What at first glance looks like a classic demand shock in the semiconductor market is, on closer inspection, nothing more than a strategically calculated supply bottleneck brought about by the two dominant players in the global DRAM business: Samsung Electronics and SK Hynix. Together they control around 70 percent of the global market, and they currently show no interest in jeopardizing this market position by generously expanding production. Quite the opposite: instead of investing in new production capacities or aggressively ramping up existing plants, both companies are focusing on a decidedly conservative investment regime with the aim of maximizing profitability per bit. In plain language, this means less supply but higher prices.

This stance has recently been clearly expressed at several investor conferences. Samsung, for example, made it unmistakably clear at a briefing with Morgan Stanley that it wanted to deliberately avoid the risk of oversupply. Instead, the company wants to ensure long-term profitability through targeted CAPEX initiatives that are closely aligned with market dynamics. The picture is the same at SK Hynix: There, the company announced that it would switch production more strongly to advanced sixth-generation 10nm D-RAM (1c) in the future. But here, too, there was no sign of any urge to expand; instead, it was conceded that even with these measures, the existing undersupply could hardly be solved before 2027. A diplomatically packaged declaration of bankruptcy for the term “security of supply”.
Why this reticence? Quite simply: demand, particularly from the high-growth AI server segment, is exploding, while at the same time the market is undergoing a technological upheaval. Old products such as DDR4 and LPDDR4x are being phased out, while new standards such as DDR5 and HBM (High Bandwidth Memory) are increasingly dominating production planning. This changeover takes time, results in lower yield rates and is technically demanding. In this mixed situation, manufacturers are consciously deciding against risky investments and in favor of a controlled supply shortage that keeps margins at a high level. Long-term supply contracts? Are currently rather undesirable. Any major customer who wants to commit for years to come runs the risk of being seen as an annoying contractual brake on price increases. Accordingly, both Samsung and SK Hynix rely on quarterly adjusted agreements, which means flexibility for manufacturers and planning uncertainty for customers.

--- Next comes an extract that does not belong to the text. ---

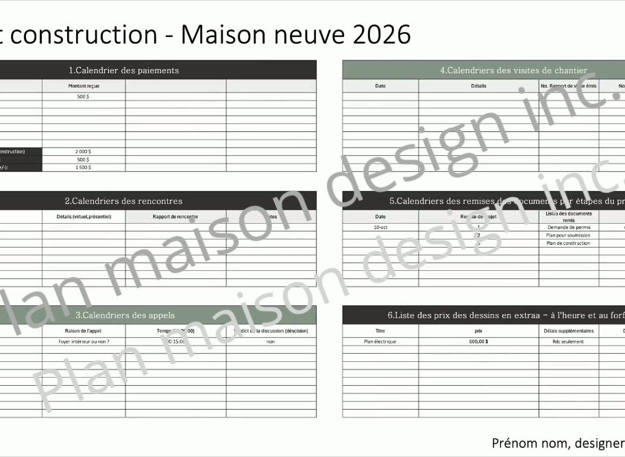 - Inclus : Page Présentation VIP, Budget & Échéancier complet, Gestion des paies et la Liste Prix Extras 2026 Exclusive. 💎

This strategy is already having an effect: DRAM prices have risen by up to 60 percent in recent months, with an upward trend. Not only traditional PC manufacturers are particularly affected, but also smartphone manufacturers, cloud services and automotive suppliers. Wherever DRAM is a critical resource in production, costs are rising rapidly. And because pricing is increasingly short-term, smaller suppliers in particular are coming under pressure as they cannot afford to hold long-term stocks. Those who relied on just-in-time are now being overwhelmed by the reality of a fragmented spot market.
There is also a geopolitical aspect: while Western countries are trying to build up their own semiconductor production via “chip acts”, this shows how difficult it is to achieve genuine independence. Capacity alone is not enough, access to state-of-the-art production technologies, machines and know-how is required. And as long as this market is dominated by two South Korean giants, any form of sovereignty will remain wishful thinking. The USA, Europe and even China are on a drip in this matter, a fact that Samsung and SK Hynix obviously understand very well.
As a result, the so-called “supercycle”, which analysts like to interpret as a sign of a technological upturn, is turning out to be an asymmetrical market dynamic with oligopolistic structures. What we are experiencing is not a classic boom, but a calculated shortage situation with maximum profit skimming. The parallels with the commodities industry are obvious: there, too, supply is often artificially reduced in order to control prices. Now also in the memory segment.
Conclusion: The DRAM market is facing a structural bottleneck that is likely to last until at least 2027. Anyone hoping that prices will fall again soon is misjudging the strategic interests of the market leaders. Because from Samsung and SK Hynix’s point of view, things are going perfectly: high demand, scarce goods, rising prices. The rest? Must pay, or wait.